Кандидат искусствоведения, член-корреспондент Академии художеств СССР Наталия Соколова писала о чарующем впечатлении от надгробия. Она назвала его одним из самых поэтических надгробий в русской скульптуре. По её мнению, оно воспроизводит то «чистое, чуть болезненное и печальное, что было в личности и творчестве Борисова-Мусатова». «Трогательное, беспомощное в этой лежащей детской фигурке» спящего «на простом прямоугольном грубозернистом камне» обнажённого мальчика перекликается, с точки зрения советского искусствоведа, с судьбой и характером художника. Она писала также об удачно выбранном месте, выбранном для памятника в окружении плакучих берёз[45].

Доктор искусствоведения Марк Нейман отмечал оттенок дремотной мечтательности, лёгкой грусти и ленивой истомы в надгробии художника и считал, что в этом проявилась невольная дань настроениям времени. Искусствовед отрицал, что работы Матвеева «таят в себе драматизм, возможность мятежной внутренней борьбы». Напротив, по его мнению, им свойственно состояние безмятежности: «Человек в них очищен от „жизненной скверны“, отстранён от мирской суеты; он стоит в стороне от схваток, не участвует в жизни, он её созерцает». Нейман отмечал символизм памятника Борисову-Мусатову: «тонкая, с бессильно откинутой головой фигура мальчика, распластанная на холодном камне, как бы стирает ту таинственную грань, за которой состояние глубокого покоя незаметно переходит в вечный сон. Смерть не пугает, она лишь вызывает чувство печали». Искусствовед писал, что скорбный лиризм надгробия соответствует окружающей его атмосфере сельского пейзажа[46].

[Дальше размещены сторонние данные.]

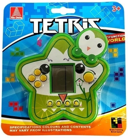 Das elektronische grüne Gehäuse ist sehr leicht und kompakt und macht das Spiel zur idealen Taschenvariante, die Sie überallhin mitnehmen können. Es besteht aus einem Display und gelben Tasten, die die Spielfunktionen steuern. Sie können das Spiel ein- und ausschalten, die Töne deaktivieren oder das Spielfeld zurücksetzen, um das Stapeln der Blöcke von vorn zu beginnen. Die übrigen Tasten dienen der Navigation im Spiel und dem Drehen der Blöcke. Diese handliche, grüne Version des elektronischen Spiels verschönert die Zeit sowohl für Kinder als auch für Erwachsene. Perfekt geeignet für Pausen zwischen Unterrichtsstunden, im Bus oder zu Hause beim Entspannen.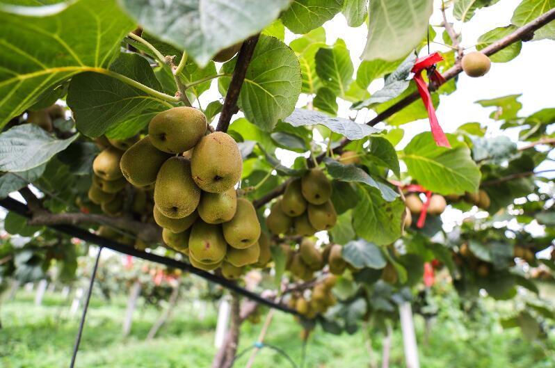 7月6日,在江苏省连云港市赣榆区黑林镇河西村红心猕猴桃种植基地,拍摄即将成熟的红心猕猴桃。

Марк Нейман утверждал, что при переводе в гранит первоначальная фигура, сделанная из гипса, несколько видоизменилась, но при этом она сохранила задушевную мягкость, трогательную безыскусственность, характерные для первоначального замысла. Советский искусствовед считал, что Матвеев удачно соединил «фигурку мальчика, сделанную в форме высокого рельефа, с архитектурной частью памятника». Выверено и соотношение широкой плиты, лежащей в основании надгробия, и прямоугольного цоколя, переходящего в гранитное ложе. Подводя итог своему анализу «Надгробия В. Э. Борисову-Мусатову», Марк Нейман писал, что «камерное надгробие может служить примером глубоко продуманного синтеза пластических средств с архитектурными, искусства с окружающей природой»[46].

Советский искусствовед Татьяна Мантурова называла «Уснувшего мальчика» одним из самых поэтических русских надгробий[36], данью уважения, любви и восторга по отношению к Борисову-Мусатову. Она характеризовала его как горельеф и отмечала отроческую беспомощность изображённого подростка. По мнению Мантуровой, фигура выражает «разлитую в русской природе красоту, поэтичность и то особое чувство, которому нет названия, но которое понятно и знакомо каждому русскому человеку»[47].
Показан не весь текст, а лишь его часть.